Excerpted data: Begin

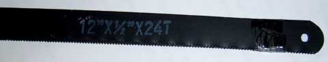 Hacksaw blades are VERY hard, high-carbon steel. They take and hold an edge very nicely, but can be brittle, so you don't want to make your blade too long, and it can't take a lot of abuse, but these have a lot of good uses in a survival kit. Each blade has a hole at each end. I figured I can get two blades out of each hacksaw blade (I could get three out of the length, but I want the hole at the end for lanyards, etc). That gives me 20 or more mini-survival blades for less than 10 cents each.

Excerpted data: End
Excerpted data: Begin

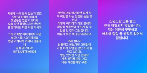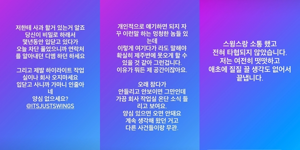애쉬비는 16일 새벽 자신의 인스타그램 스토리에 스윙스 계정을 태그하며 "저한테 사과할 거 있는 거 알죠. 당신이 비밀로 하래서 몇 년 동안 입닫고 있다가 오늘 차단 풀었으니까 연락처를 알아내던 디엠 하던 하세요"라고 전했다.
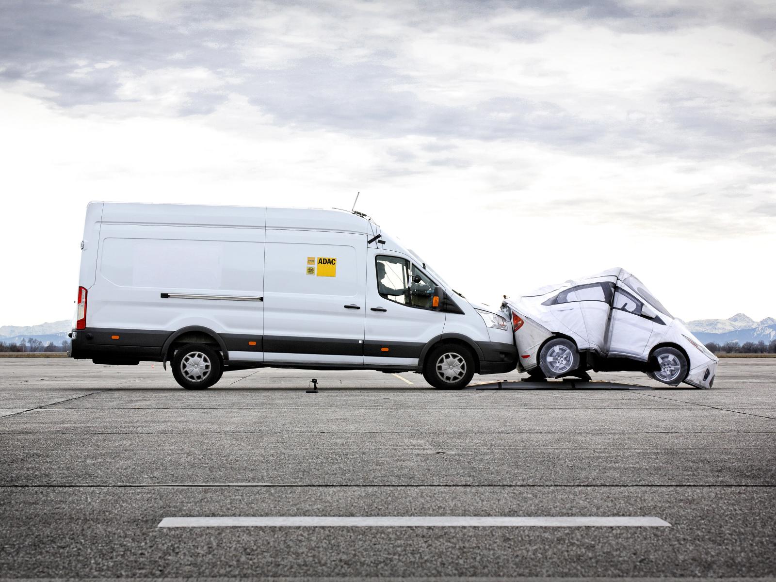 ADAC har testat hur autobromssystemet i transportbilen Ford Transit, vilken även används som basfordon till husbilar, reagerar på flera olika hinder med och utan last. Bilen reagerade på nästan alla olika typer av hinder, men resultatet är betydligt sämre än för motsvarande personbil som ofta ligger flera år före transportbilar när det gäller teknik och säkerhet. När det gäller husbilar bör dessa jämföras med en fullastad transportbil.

Excerpted data: End

Write out, word for word, the stretch of entries that begins at the line with "애쉬비는 16일 새벽" and ends at the line with "ADAC har testat". Pictures do not belong in it.

애쉬비는 16일 새벽 자신의 인스타그램 스토리에 스윙스 계정을 태그하며 "저한테 사과할 거 있는 거 알죠. 당신이 비밀로 하래서 몇 년 동안 입닫고 있다가 오늘 차단 풀었으니까 연락처를 알아내던 디엠 하던 하세요"라고 전했다.
 ADAC har testat hur autobromssystemet i transportbilen Ford Transit, vilken även används som basfordon till husbilar, reagerar på flera olika hinder med och utan last. Bilen reagerade på nästan alla olika typer av hinder, men resultatet är betydligt sämre än för motsvarande personbil som ofta ligger flera år före transportbilar när det gäller teknik och säkerhet. När det gäller husbilar bör dessa jämföras med en fullastad transportbil.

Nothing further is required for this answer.